Top of SUPPLIED INFORMATION
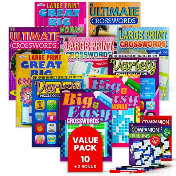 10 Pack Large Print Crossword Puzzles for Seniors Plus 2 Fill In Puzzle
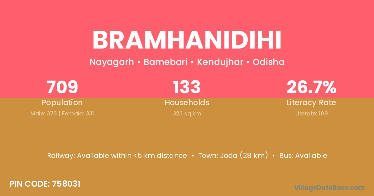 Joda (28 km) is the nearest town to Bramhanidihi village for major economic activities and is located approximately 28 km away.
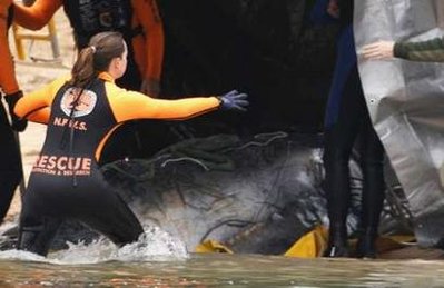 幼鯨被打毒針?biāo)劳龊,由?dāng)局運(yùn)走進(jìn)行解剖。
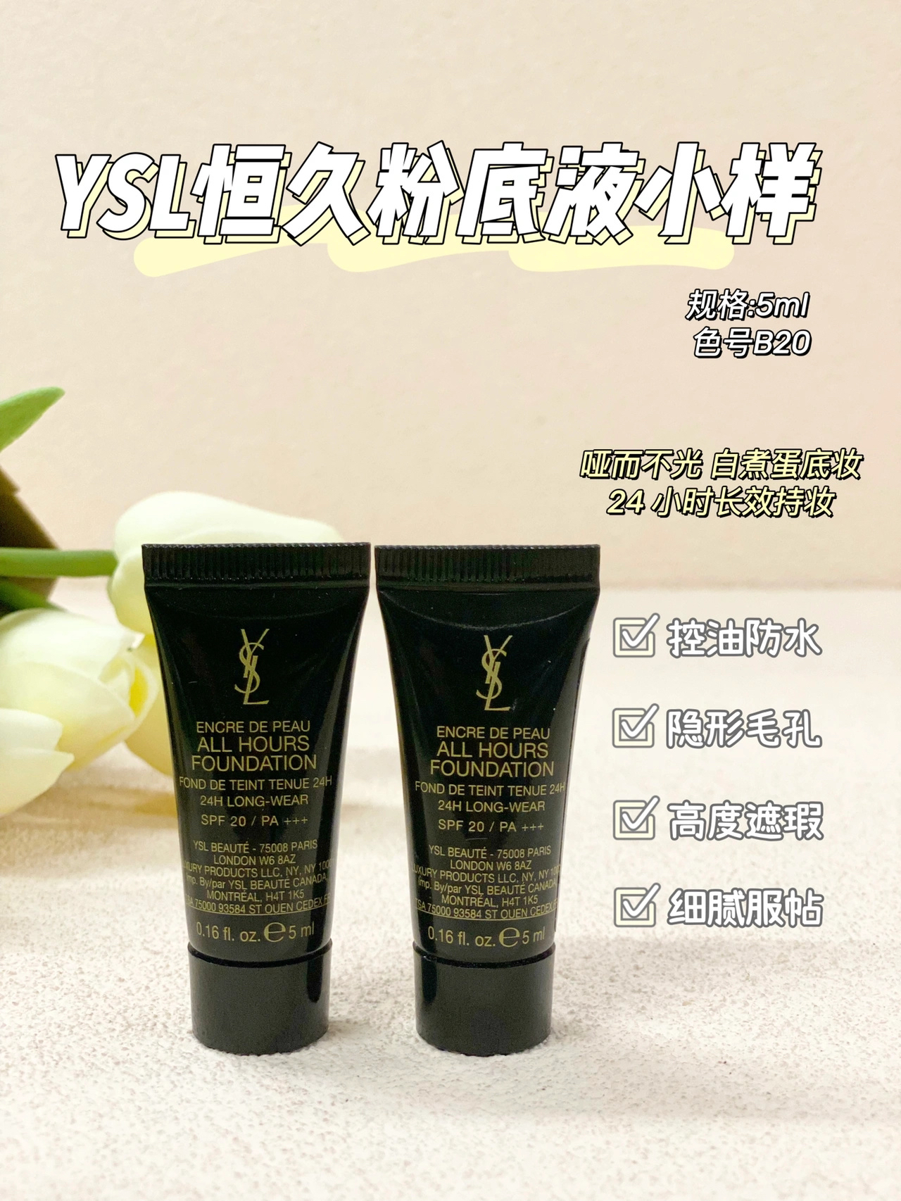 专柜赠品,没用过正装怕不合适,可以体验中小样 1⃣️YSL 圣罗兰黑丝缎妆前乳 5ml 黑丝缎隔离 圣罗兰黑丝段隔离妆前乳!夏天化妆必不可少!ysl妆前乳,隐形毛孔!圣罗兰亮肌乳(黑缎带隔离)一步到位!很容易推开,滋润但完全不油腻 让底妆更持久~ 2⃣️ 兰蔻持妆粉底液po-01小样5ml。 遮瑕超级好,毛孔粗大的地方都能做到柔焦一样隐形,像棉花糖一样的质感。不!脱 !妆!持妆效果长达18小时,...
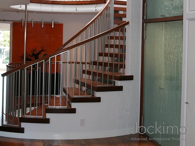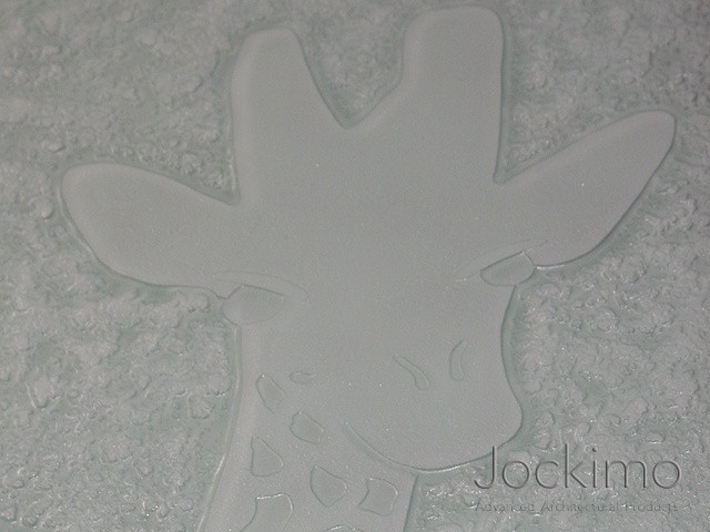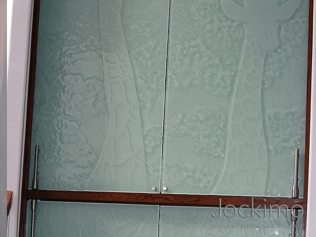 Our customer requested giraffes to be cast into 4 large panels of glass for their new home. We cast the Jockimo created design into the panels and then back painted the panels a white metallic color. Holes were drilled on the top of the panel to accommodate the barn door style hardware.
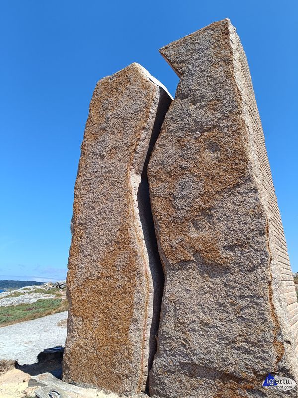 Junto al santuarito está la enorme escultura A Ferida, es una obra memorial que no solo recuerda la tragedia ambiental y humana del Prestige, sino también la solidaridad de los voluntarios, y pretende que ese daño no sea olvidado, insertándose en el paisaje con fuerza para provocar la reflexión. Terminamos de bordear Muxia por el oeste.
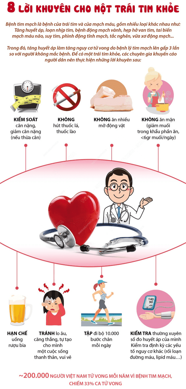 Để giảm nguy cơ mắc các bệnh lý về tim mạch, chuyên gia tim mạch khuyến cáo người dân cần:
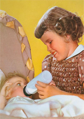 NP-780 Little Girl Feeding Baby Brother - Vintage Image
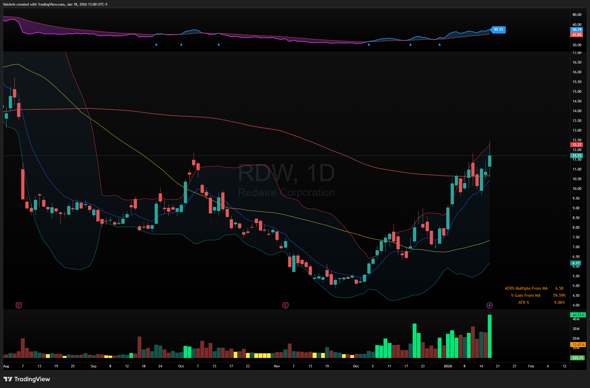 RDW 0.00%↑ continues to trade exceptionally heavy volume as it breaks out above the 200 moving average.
Bottom of SUPPLIED INFORMATION
TASK REQUIREMENTS:
Reproduce the records above exactly, leaving out every picture they contain.

EXPECTED ANSWER:
 10 Pack Large Print Crossword Puzzles for Seniors Plus 2 Fill In Puzzle
 Joda (28 km) is the nearest town to Bramhanidihi village for major economic activities and is located approximately 28 km away.
 幼鯨被打毒針?biāo)劳龊,由?dāng)局運(yùn)走進(jìn)行解剖。
 专柜赠品,没用过正装怕不合适,可以体验中小样 1⃣️YSL 圣罗兰黑丝缎妆前乳 5ml 黑丝缎隔离 圣罗兰黑丝段隔离妆前乳!夏天化妆必不可少!ysl妆前乳,隐形毛孔!圣罗兰亮肌乳(黑缎带隔离)一步到位!很容易推开,滋润但完全不油腻 让底妆更持久~ 2⃣️ 兰蔻持妆粉底液po-01小样5ml。 遮瑕超级好,毛孔粗大的地方都能做到柔焦一样隐形,像棉花糖一样的质感。不!脱 !妆!持妆效果长达18小时,...
 Our customer requested giraffes to be cast into 4 large panels of glass for their new home. We cast the Jockimo created design into the panels and then back painted the panels a white metallic color. Holes were drilled on the top of the panel to accommodate the barn door style hardware.
 Junto al santuarito está la enorme escultura A Ferida, es una obra memorial que no solo recuerda la tragedia ambiental y humana del Prestige, sino también la solidaridad de los voluntarios, y pretende que ese daño no sea olvidado, insertándose en el paisaje con fuerza para provocar la reflexión. Terminamos de bordear Muxia por el oeste.
 Để giảm nguy cơ mắc các bệnh lý về tim mạch, chuyên gia tim mạch khuyến cáo người dân cần:
 NP-780 Little Girl Feeding Baby Brother - Vintage Image
 RDW 0.00%↑ continues to trade exceptionally heavy volume as it breaks out above the 200 moving average.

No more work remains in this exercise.